Por volta das 23h55, uma explosão atingiu a popa do navio, rompendo o costado e apagando as caldeiras, o que levou ao seu afundamento quase imediato. O “Vital de Oliveira” tornou-se o único navio militar brasileiro a ser naufragado por forças inimigas durante a Segunda Guerra Mundial.
De acordo com o livro História Naval Brasileira (volume 5, tomo II), […] “o Comandante do navio, Capitão de Fragata João Batista de Medeiros Guimarães Roxo, auxiliado pelo Oficial de Quarto, o Primeiro-Tenente Osmar Dominguez Alonso, tomou a providência imediata de chamar a guarnição aos ‘postos de combate’ e, por foguetes, alertar a escolta. Este procurou em vão o submarino, que havia mergulhado logo após lançar o torpedo. Ambos permaneceram no passadiço […] e, o resto do pessoal, na completa escuridão, lançou-se ao mar, procurando apoiar-se nos destroços que flutuavam.”
Segundo relatos de sobreviventes, não houve tempo para arriar os botes salva-vidas (baleeiras), e poucos tripulantes conseguiram escapar com vida. Muitos foram resgatados no dia seguinte pelo barco pesqueiro “Guanabara” e por embarcações da MB, como o Caça-Submarino “Javari” e o Contratorpedeiro “Mariz e Barros”.
Um trecho do livro Flores ao Mar: os naufrágios navais brasileiros na Segunda Guerra Mundial, de Raul Coelho Barreto Neto, traz o relato dramático do então marinheiro Hilton Mendes Moreno:
“O navio ficou totalmente às escuras […] e ainda ouvi o Comandante. […] Ele gritou para abandonar. Eu tentei me jogar, mas não deu mais tempo. […] Foi a hora que o navio desceu e me sugou […]. Quando eu voltei à tona, só vi os destroços […]. Tinham várias tábuas e, depois, vi uma baleeira emborcada, onde já tinham dois ou três colegas. E eles: ‘Venha para cá!’. Eles me deram a mão […]. Também fiquei ali em cima […] ouvindo vários gritos […] pedindo por socorro. Mas não podia dar socorro. No escuro… Não podia ver nem quem era nem onde estava. Só ouvia.”

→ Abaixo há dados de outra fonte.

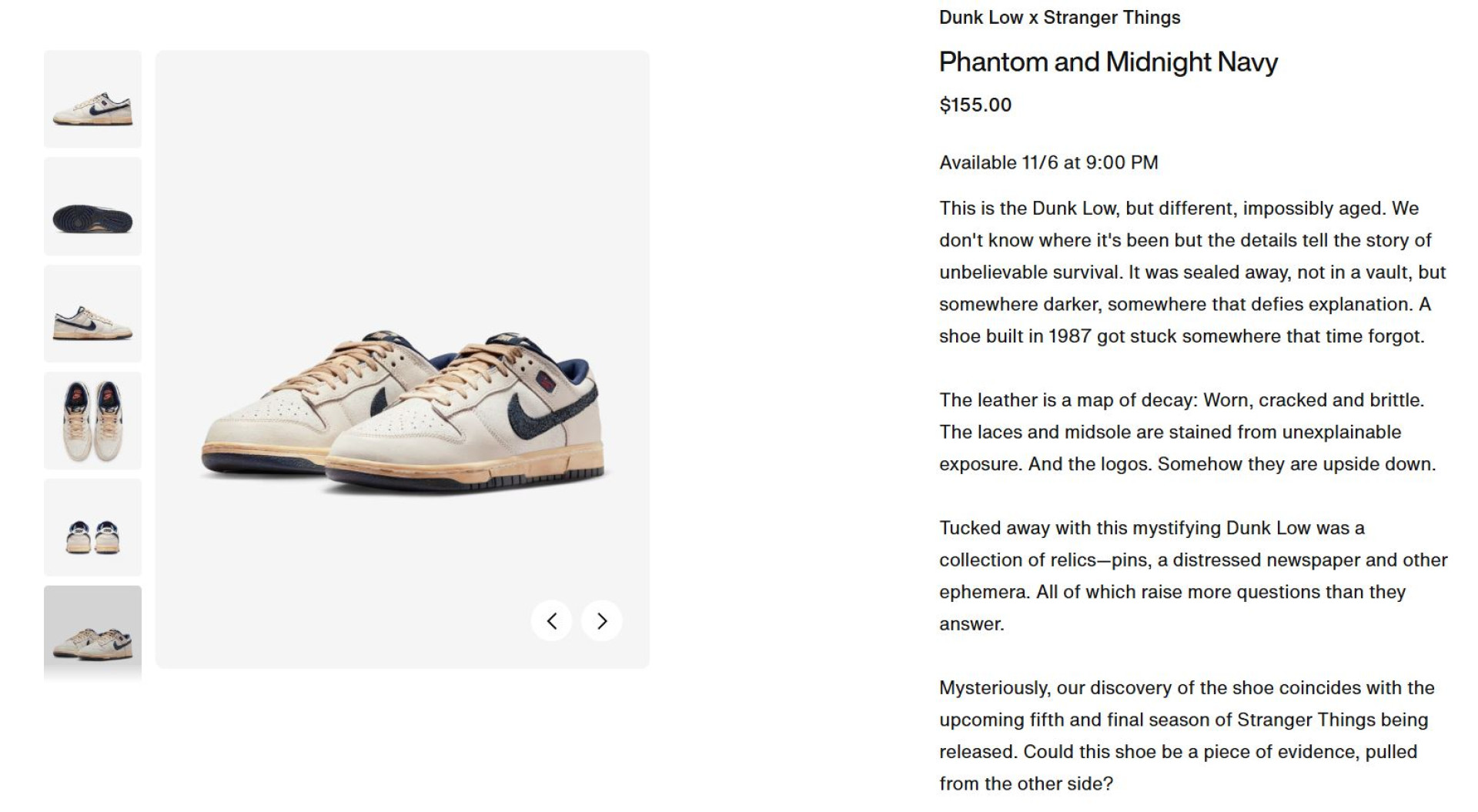 "Это — Dunk Low, но не тот, что вы знали. Он будто невозможным образом постарел. Мы не знаем, где он побывал, но каждая деталь рассказывает историю невероятного выживания. Его не хранили в сейфе — его спрятали где-то глубже, в месте, которое не поддаётся объяснению. Кроссовки, созданные в 1987 году, словно застряли там, где время остановилось.

O ataque ao “Vital de Oliveira” aconteceu em um contexto delicado para o Brasil, que havia declarado guerra ao Eixo — formado por Alemanha, Itália e Japão — dois anos antes, em resposta aos sucessivos torpedeamentos de navios mercantes brasileiros.
Durante a Segunda Guerra Mundial, o Brasil perdeu 31 navios mercantes e três embarcações de guerra: além do “Vital de Oliveira”, também se perderam a Corveta “Camaquã” e o Cruzador “Bahia”. No total, cerca de 982 civis e 486 militares da MB morreram no mar, sendo 464 em combates diretos ou em acidentes operacionais.
Tecnologia a serviço da história
Oito décadas após o afundamento, o casco da embarcação foi localizado na manhã de 16 de janeiro, a cerca de 35 milhas náuticas (aproximadamente 65 quilômetros) da costa de Macaé (RJ). A descoberta contou com o apoio técnico de mergulhadores locais, que identificaram inicialmente a presença de um canhão preso a uma rede de pesca no fundo do mar.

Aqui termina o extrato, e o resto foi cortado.